- Theatrical release poster
- Directed by: Peter Care
- Screenplay by: Jeff Stockwell; Michael Petroni;
- Based on: The Dangerous Lives of Altar Boys by Chris Fuhrman
- Produced by: Jodie Foster; Meg LeFauve; Jay Shapiro; Todd McFarlane;
- Starring: Emile Hirsch; Kieran Culkin; Jena Malone; Jodie Foster;
- Cinematography: Lance Acord
- Edited by: Chris Peppe
- Music by: Marco Beltrami
- Production companies: Egg Pictures; Initial Entertainment Group;
- Distributed by: THINKFilm (North America) Initial Entertainment Group (Overseas)
- Release dates: January 18, 2002 (Sundance); June 14, 2002;
- Running time: 104 minutes
- Country: United States
- Language: English
- Budget: $12 million
- Box office: $2 million

= The Dangerous Lives of Altar Boys =

The Dangerous Lives of Altar Boys is a 2002 American comedy-drama film directed by Peter Care and written by Jeff Stockwell and Michael Petroni based on Chris Fuhrman's 1994 semi-autobiographical coming-of-age novel of the same name. The film stars Emile Hirsch, Kieran Culkin, Jena Malone, Jodie Foster and Vincent D'Onofrio.

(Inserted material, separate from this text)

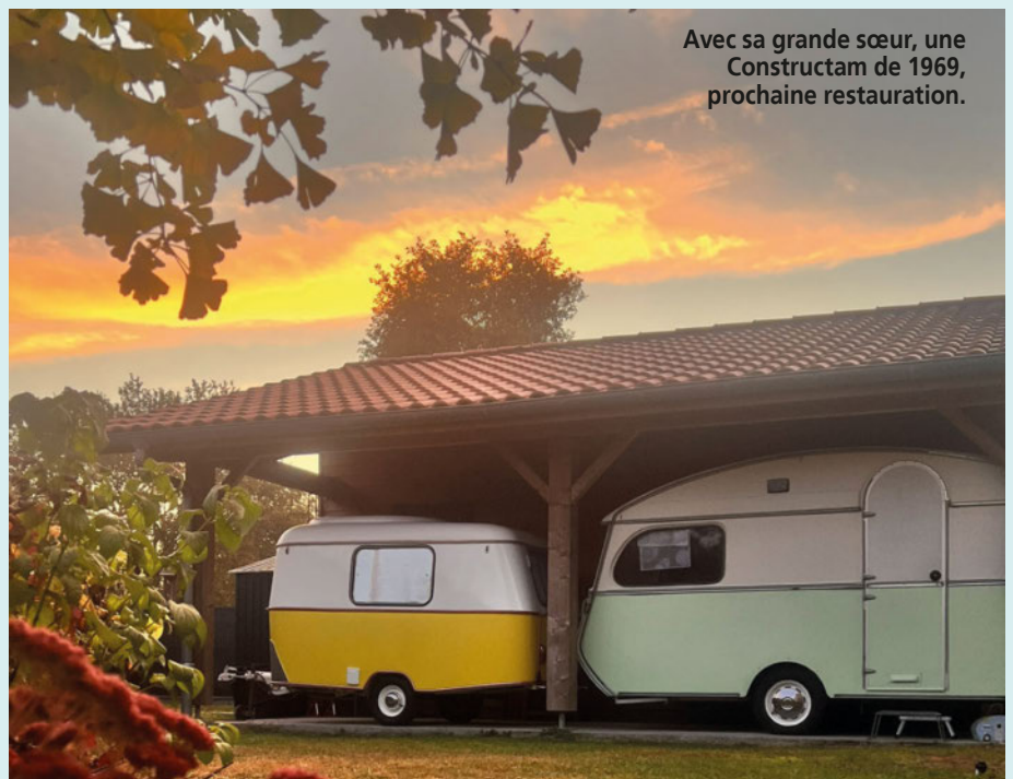
Avec sa grande sœur, une Constructam de 1969, prochaine restauration.

The film is about a group of Catholic school friends in the Southern United States in the 1970s who engage in a series of pranks and general mischief. The boys also collaborate on a comic book they call The Atomic Trinity. Interspersed within the film are segments of animated footage based on the comic book. THINKFilm paid $1 million to acquire the film's North American distribution rights and went on to gross $1.8 million in limited theatrical release, making it a profitable acquisition for THINKFilm.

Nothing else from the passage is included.